→ Work to complete
Down to the last line, set down the material below exactly; skip the pictures.

→ Data segment
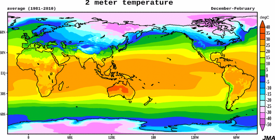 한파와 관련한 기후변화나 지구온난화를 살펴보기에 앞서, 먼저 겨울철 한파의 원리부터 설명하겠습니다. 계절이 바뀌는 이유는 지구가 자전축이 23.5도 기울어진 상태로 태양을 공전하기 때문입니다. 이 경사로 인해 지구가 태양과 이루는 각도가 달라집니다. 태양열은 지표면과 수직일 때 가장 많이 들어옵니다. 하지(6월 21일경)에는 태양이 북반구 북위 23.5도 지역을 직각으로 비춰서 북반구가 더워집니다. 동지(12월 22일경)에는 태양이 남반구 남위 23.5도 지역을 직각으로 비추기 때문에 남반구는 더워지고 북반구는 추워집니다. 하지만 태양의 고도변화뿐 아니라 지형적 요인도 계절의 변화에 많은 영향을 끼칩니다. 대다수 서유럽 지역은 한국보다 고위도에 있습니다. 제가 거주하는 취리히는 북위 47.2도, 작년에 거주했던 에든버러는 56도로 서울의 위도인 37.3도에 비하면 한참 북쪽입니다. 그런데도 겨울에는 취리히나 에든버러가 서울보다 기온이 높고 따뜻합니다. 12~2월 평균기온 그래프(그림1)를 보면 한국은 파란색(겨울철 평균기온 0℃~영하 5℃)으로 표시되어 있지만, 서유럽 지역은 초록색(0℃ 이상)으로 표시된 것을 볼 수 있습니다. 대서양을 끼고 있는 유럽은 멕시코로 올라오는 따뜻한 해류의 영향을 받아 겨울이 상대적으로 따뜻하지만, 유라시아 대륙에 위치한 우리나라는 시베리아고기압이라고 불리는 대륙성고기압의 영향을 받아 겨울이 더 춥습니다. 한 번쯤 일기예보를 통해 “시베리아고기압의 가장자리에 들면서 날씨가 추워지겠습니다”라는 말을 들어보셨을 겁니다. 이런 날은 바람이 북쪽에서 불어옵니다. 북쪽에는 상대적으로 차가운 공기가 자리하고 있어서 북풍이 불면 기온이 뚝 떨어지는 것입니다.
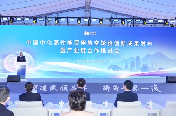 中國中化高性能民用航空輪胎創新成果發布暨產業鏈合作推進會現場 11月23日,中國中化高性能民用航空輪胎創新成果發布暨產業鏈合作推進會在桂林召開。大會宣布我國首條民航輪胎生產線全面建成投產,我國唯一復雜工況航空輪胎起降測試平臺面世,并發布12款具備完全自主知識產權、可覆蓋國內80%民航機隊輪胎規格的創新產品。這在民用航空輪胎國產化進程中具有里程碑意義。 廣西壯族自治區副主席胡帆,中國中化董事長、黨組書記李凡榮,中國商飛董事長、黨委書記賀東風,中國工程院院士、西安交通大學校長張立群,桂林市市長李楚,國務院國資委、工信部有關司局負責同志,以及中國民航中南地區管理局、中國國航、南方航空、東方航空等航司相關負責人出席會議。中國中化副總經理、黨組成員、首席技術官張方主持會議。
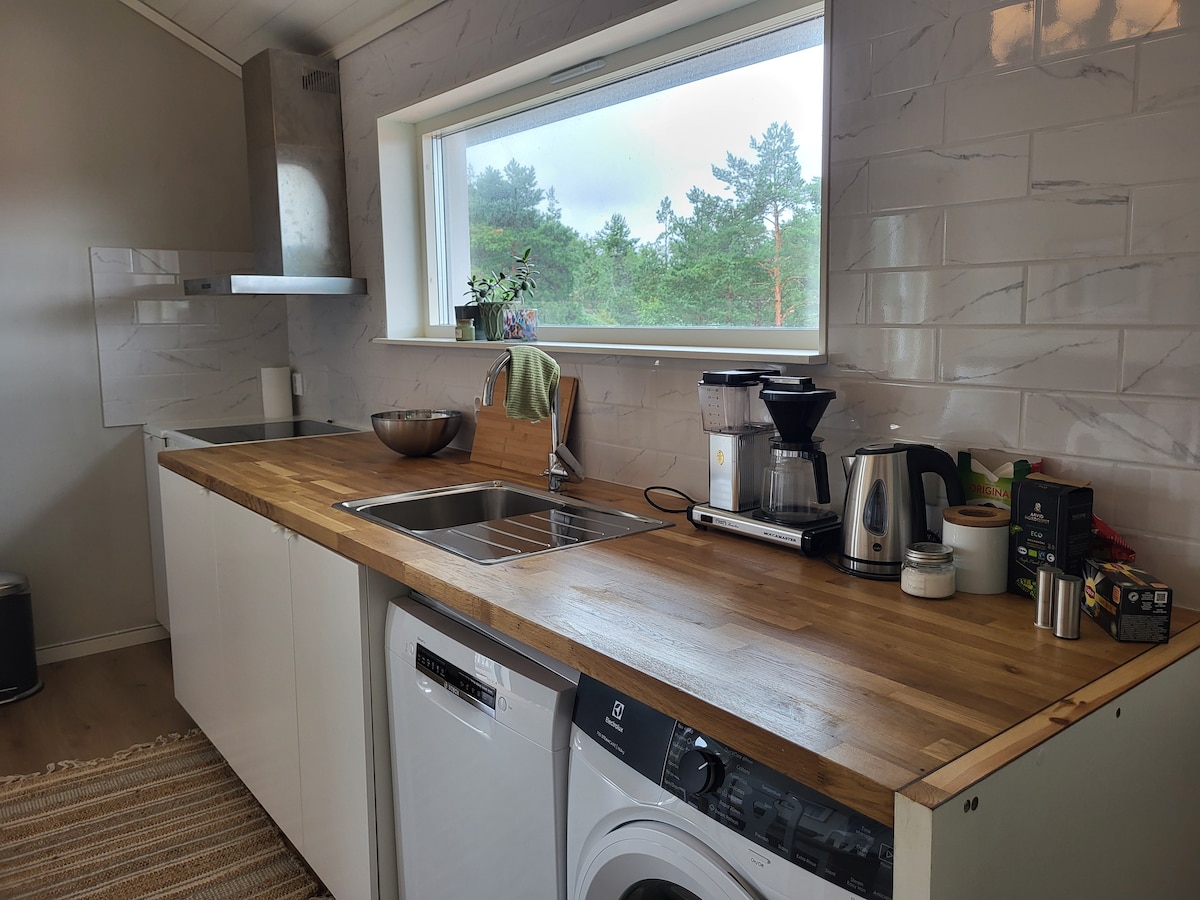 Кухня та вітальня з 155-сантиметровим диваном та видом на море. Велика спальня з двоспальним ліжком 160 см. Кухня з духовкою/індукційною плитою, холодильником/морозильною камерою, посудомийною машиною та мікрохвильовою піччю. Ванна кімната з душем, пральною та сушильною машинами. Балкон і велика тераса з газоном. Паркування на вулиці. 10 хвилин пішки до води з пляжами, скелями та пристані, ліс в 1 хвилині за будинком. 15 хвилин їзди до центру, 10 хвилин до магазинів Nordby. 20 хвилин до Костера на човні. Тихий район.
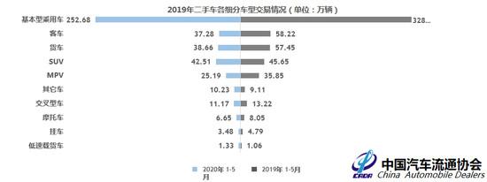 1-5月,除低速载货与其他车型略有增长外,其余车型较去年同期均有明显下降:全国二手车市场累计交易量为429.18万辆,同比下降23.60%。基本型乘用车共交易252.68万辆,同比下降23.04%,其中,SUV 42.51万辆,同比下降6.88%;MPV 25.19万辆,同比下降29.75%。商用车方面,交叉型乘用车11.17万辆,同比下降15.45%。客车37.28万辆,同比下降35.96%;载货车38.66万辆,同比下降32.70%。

→ Response for this exercise
 한파와 관련한 기후변화나 지구온난화를 살펴보기에 앞서, 먼저 겨울철 한파의 원리부터 설명하겠습니다. 계절이 바뀌는 이유는 지구가 자전축이 23.5도 기울어진 상태로 태양을 공전하기 때문입니다. 이 경사로 인해 지구가 태양과 이루는 각도가 달라집니다. 태양열은 지표면과 수직일 때 가장 많이 들어옵니다. 하지(6월 21일경)에는 태양이 북반구 북위 23.5도 지역을 직각으로 비춰서 북반구가 더워집니다. 동지(12월 22일경)에는 태양이 남반구 남위 23.5도 지역을 직각으로 비추기 때문에 남반구는 더워지고 북반구는 추워집니다. 하지만 태양의 고도변화뿐 아니라 지형적 요인도 계절의 변화에 많은 영향을 끼칩니다. 대다수 서유럽 지역은 한국보다 고위도에 있습니다. 제가 거주하는 취리히는 북위 47.2도, 작년에 거주했던 에든버러는 56도로 서울의 위도인 37.3도에 비하면 한참 북쪽입니다. 그런데도 겨울에는 취리히나 에든버러가 서울보다 기온이 높고 따뜻합니다. 12~2월 평균기온 그래프(그림1)를 보면 한국은 파란색(겨울철 평균기온 0℃~영하 5℃)으로 표시되어 있지만, 서유럽 지역은 초록색(0℃ 이상)으로 표시된 것을 볼 수 있습니다. 대서양을 끼고 있는 유럽은 멕시코로 올라오는 따뜻한 해류의 영향을 받아 겨울이 상대적으로 따뜻하지만, 유라시아 대륙에 위치한 우리나라는 시베리아고기압이라고 불리는 대륙성고기압의 영향을 받아 겨울이 더 춥습니다. 한 번쯤 일기예보를 통해 “시베리아고기압의 가장자리에 들면서 날씨가 추워지겠습니다”라는 말을 들어보셨을 겁니다. 이런 날은 바람이 북쪽에서 불어옵니다. 북쪽에는 상대적으로 차가운 공기가 자리하고 있어서 북풍이 불면 기온이 뚝 떨어지는 것입니다.
 中國中化高性能民用航空輪胎創新成果發布暨產業鏈合作推進會現場 11月23日,中國中化高性能民用航空輪胎創新成果發布暨產業鏈合作推進會在桂林召開。大會宣布我國首條民航輪胎生產線全面建成投產,我國唯一復雜工況航空輪胎起降測試平臺面世,并發布12款具備完全自主知識產權、可覆蓋國內80%民航機隊輪胎規格的創新產品。這在民用航空輪胎國產化進程中具有里程碑意義。 廣西壯族自治區副主席胡帆,中國中化董事長、黨組書記李凡榮,中國商飛董事長、黨委書記賀東風,中國工程院院士、西安交通大學校長張立群,桂林市市長李楚,國務院國資委、工信部有關司局負責同志,以及中國民航中南地區管理局、中國國航、南方航空、東方航空等航司相關負責人出席會議。中國中化副總經理、黨組成員、首席技術官張方主持會議。
 Кухня та вітальня з 155-сантиметровим диваном та видом на море. Велика спальня з двоспальним ліжком 160 см. Кухня з духовкою/індукційною плитою, холодильником/морозильною камерою, посудомийною машиною та мікрохвильовою піччю. Ванна кімната з душем, пральною та сушильною машинами. Балкон і велика тераса з газоном. Паркування на вулиці. 10 хвилин пішки до води з пляжами, скелями та пристані, ліс в 1 хвилині за будинком. 15 хвилин їзди до центру, 10 хвилин до магазинів Nordby. 20 хвилин до Костера на човні. Тихий район.
 1-5月,除低速载货与其他车型略有增长外,其余车型较去年同期均有明显下降:全国二手车市场累计交易量为429.18万辆,同比下降23.60%。基本型乘用车共交易252.68万辆,同比下降23.04%,其中,SUV 42.51万辆,同比下降6.88%;MPV 25.19万辆,同比下降29.75%。商用车方面,交叉型乘用车11.17万辆,同比下降15.45%。客车37.28万辆,同比下降35.96%;载货车38.66万辆,同比下降32.70%。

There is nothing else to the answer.